Bu haftanın
makalelerinde ve dersteki tartışmalarda dikkatimi çeken benim için en kritik
nokta “curriculum development” ile “curriculum making” ayrımı oldu. Şimdiye kadar
sözcüklerin altında böyle derin bir düşünsel temel olabileceği aklıma
gelmemişti. Aslında program çalışmasına başlarken bu tavrımız felsefimiz
hakkında ipucu veriyor. Bundan sonra bakış açım bu yönde olacak.
Özellikle Schwab’ın
makalesindeki “commonplaces” kavramını, üzerinde konuşmaya ve araştırmaya değer
bir konu olarak görüyorum. Öğretmeni “curriculum maker” olarak görmesi
öğretmene çizdiği rol açısından önemli. Öğretmene basmakalıp rol biçilmesini
doğru bulmuyor; öğrenci için tam bir rol çizmemiş olması, konu alanını
önemserken konu odaklı programlara eleştirel bakması, bağlamı önemsemesi, bir
program grubunda yer alan öğretmenlerin her birinin diğerinin zayıflığını
telafi edecek şekilde seçilmesine ihtiyaç duyulduğunu ifade etmesi, program
hedefler dizisi olmadığını vurgulaması Schwab’ın düşüncelerinin kısa bir özeti
olabilir.
John
DEWEY’in felsefesine damga vuran düşünce pragmatizm. Öğrenci merkezli doğal bir öğrenme ortamı
önermesi ve “Eğitim yaşama hazırlık
değil yaşamın ta kendisidir” görüşü benim de benimsediğim düşüncelerdir.
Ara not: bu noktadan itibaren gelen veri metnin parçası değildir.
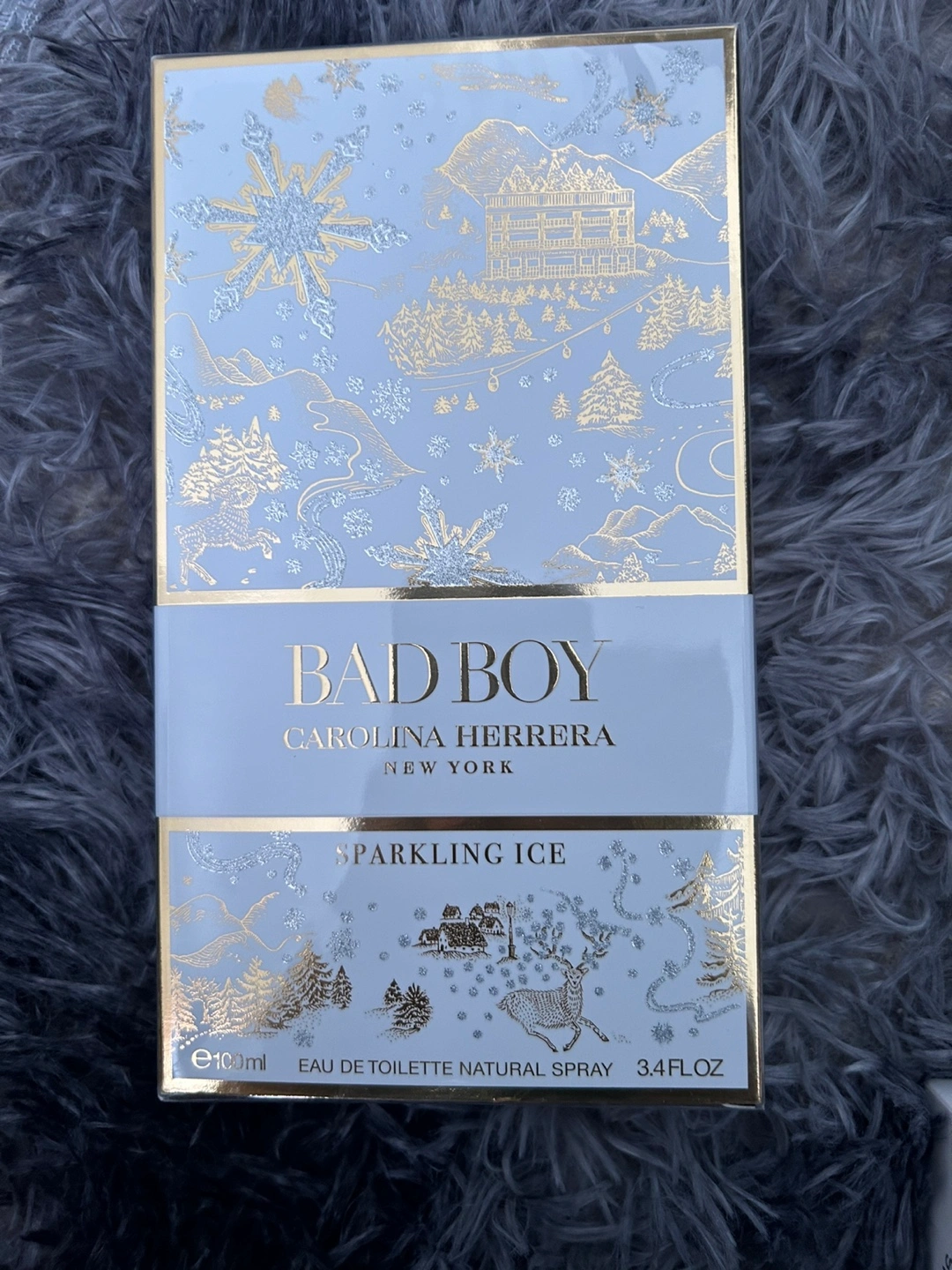 Brand new, unopened 3.4 fl oz bottle of Bad Boy Sparkling Ice by Carolina Herrera. Winter-themed packaging. Eau de toilette natural spray.

Ayrıca
bilimin yalnızca teknik ve uzmanlık gerektiren araştırmalar için kullanılması
savaşta en iyi şansı elde etmek için kullanma tehlikesini doğuracağı konusuna
dikkat çekmesini önemli buluyorum.
Liberal
eğitim özgür zihinler yetiştirmeyi hedeflemektedir. Felsefi temeli
esasiciliktir, uygulamada daimicilik yansımaları da görülür. Sınıflara farklı
eğitim verilmeli mantığı var. Elitler kuralları koyar, diğer sınıflar buna
uyar. Bugün de açıkça olmasa da temelde aynı tehlikeyi görüyoruz. Devletin
eğitim kurumlarına artık insanlar güvenemiyor. Kalabalık mevcutlar, fiziksel olanakları
yetersiz okullar, güvenlik sorunları gibi nedenler aileleri düşündürüyor. Dolayısıyla
birçoğu gücünü zorlayarak çocuklarını özel okullara gönderiyor. Ben bunun biraz
da vicdani bir rahatlama için yapıldığını düşünüyorum. Çocuğunu özel okula
yolladığında vicdanen onun için en iyisini yaptığını düşünerek kendini
rahatlatan ebeveynler aslında bir anlamda popülist bir yaklaşımdalar. 2002’den
bu yana eğitimde reform adı altında hükümet tarafından yapılan değişiklikler de
piyasayı beslemeye yönelik çabalar. Örneğin MEB yayınevi varken özel
yayınevlerine bastırılan kitapların ücretsiz olarak tüm öğrencilere dağıtmak,
devlet okullarını güçlendirmek yerine özel okullar için teşvik vermek, ne zaman
ve nasıl kullanılacağı belli olmayan tabletleri dağıtmak gibi.
Liberal
eğitimde kağıt üzerinde herkese ortak program var ancak eşitlik yok. Teoride
başka uygulamada başka. Dewey ve Schwab liberal eğitime daha farklı bir bakış
açısı getirmiş: Demokrasi, Eşitlik, Adalet vurgusu önemli. Demokratik eğitimin
temelinde insani değerler olmalı, bireyin entelektüel olarak en üst düzeye
çıkarılması hedeflenmeli, akademik disiplinler ve ahlaki değerler öğretilmeli. Ancak
liberal eğitim de mucizeler yaratamaz. Çünkü dünyadaki bütün sorunlar eğitime
bağlı değil, eğitim kendi sınırları içinde bir olgudur. Sistemde yanlış giden
olguyu değiştirmez. Eğitim bilinci anlayışı düşünceyi etkiler ve değiştirir.
Bu dersin
sonunda kafamdaki düşünmeye değer soru:
Herkese
eşit olanaklar sağlayan özgürleştirici bir eğitim nasıl olmalı?